The last few years have been something of a whirlwind for me. I left behind the Midwest and the great city of Chicago and headed west; all the way to the coast. Chicago had been a good place for me to land when I first arrived in the US.
For most of my time there it had proven itself to be a worthy companion and occasional adversary; pushing me to accept challenges head on. Instilling in me a strength and sense of never say never. Carrying me on its shoulders until the true meaning of perseverance settled deep into my psyche.
Chicago had provided me with a home away from home.
It was a place I could be proud of, a city to root for, and a geographic location that for most of the year beats you down with a harsh arctic back-hand. The city conjures up an image synonymous with hard work, adversity, and adaptation.
For the first few years of my residence I had lived with youthful exuberance in this city that embraces the energy of the young. I bellied up to bars and ate frequently during happy hours.
In those days Chicago happy hours offered buffet feasts along with free or heavily discounted drinks.
My nights were a mix of nightclubs and parties. Seldom did I return home before pm met am; seldom did this affect my ability to rise with the sun and make my way to the financial district where I worked.
My next chapter, and the ones that followed, became more and more subdued as age and the perception of maturity took hold. Nightclubs became the first victim. The music inside changed, in what seemed like an overnight transaction, from songs where lyrics were as important as melody, to industrial beat and thump.
My relationship to this non-stop grind lacked any relevance to my own life. Over time the tiny whisper in the back of my mind became louder. It urged me on. To leave behind Chicago, the winter, the gridlock, the crime.
I searched for many years.
I eliminated cities all over the country and the world. I visited, with the express notion of setting up house, cities in Australia and New Zealand. I visited, with the same notion, several states in the US; Colorado, Washington, Oregon, and California.
Boulder Colorado came out on top and no sooner had I moved there to seek employment; I was offered a job. I flew to Houston Texas for the interview and a few days later was offered the position.
The position was located in Chicago!
For years I had attempted to move away and now, as I was on the verge of breaking free, the city sucked me back in; tempting me with salary, benefits, and the familiar.
Life settled down and Chicago continued to treat me well.
Something was missing. A sense of despair consumed me over a period of months and eventually I walked away. Leaving the job for peace of mind.
In 2011 I was offered a two month contract position in San Francisco.
I arrived on July 4th and a new chapter in my life was set to the music of gratitude, joy, sorrow, and peace.
Almost a month to the day following my arrival in San Francisco I boarded a ferry to whisk me across the bay, past Alcatraz, and on to Sausalito.
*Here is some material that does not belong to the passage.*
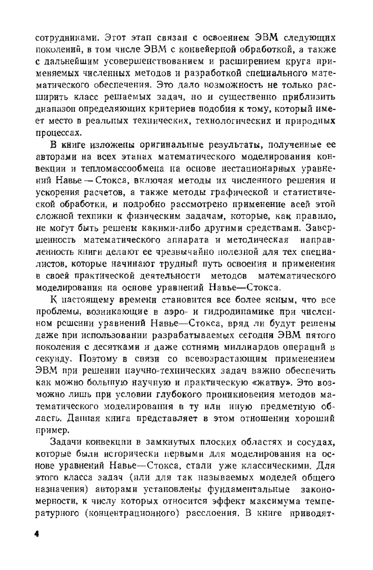 Рассмотрены методы численного решения уравнений Навье—Стокса и ускорения расчетов с помощью конвейерной обработки, методы графической и статистической обработки результатов расчетов. Изложены математические модели и результаты исследований конвекции, тепло- и массообмена для технических, технологических приложений, в геофизической гидродинамике.

From here I boarded a stagecoach bus en-route to Muir Woods; a redwood national park.
Home to trees cloaked in a dark red spongy bark that grew straight as an arrow towards the clouds. Majestic and ethereal all at the same time.
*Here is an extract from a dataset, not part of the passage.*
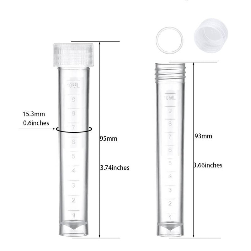 - 【Freezing/Sterilization】10ml plastic vials can store laboratory samples at a low temperature of -112°F, and can also be heated to 248°F for autoclaving.

Fog would creep throughout the forest surrounding the base of these 387 foot giants.
It was on this stagecoach, with that destination in mind, that we met. Our conversation can be measured in seconds but it was enough. It set us both on an unforgettable course into the future where absolutely anything and everything seemed possible.
In December of that same year I returned to New Zealand. I was not alone. The person you often hear about in movies; in romance novels. The one who completes you; your better half.
The chick you met on a bus!
Alison, after knowing me only three months, came to New Zealand with me. We toured the country, taking in the sites, experiencing adrenalin pumping activities, and enjoying every step of the way.
Her introduction to my mother had been like that of two old friends. They had never met or even talked yet no beat was skipped. She ignited a spark of happiness in my extremely optimistic mother that I had never witnessed before.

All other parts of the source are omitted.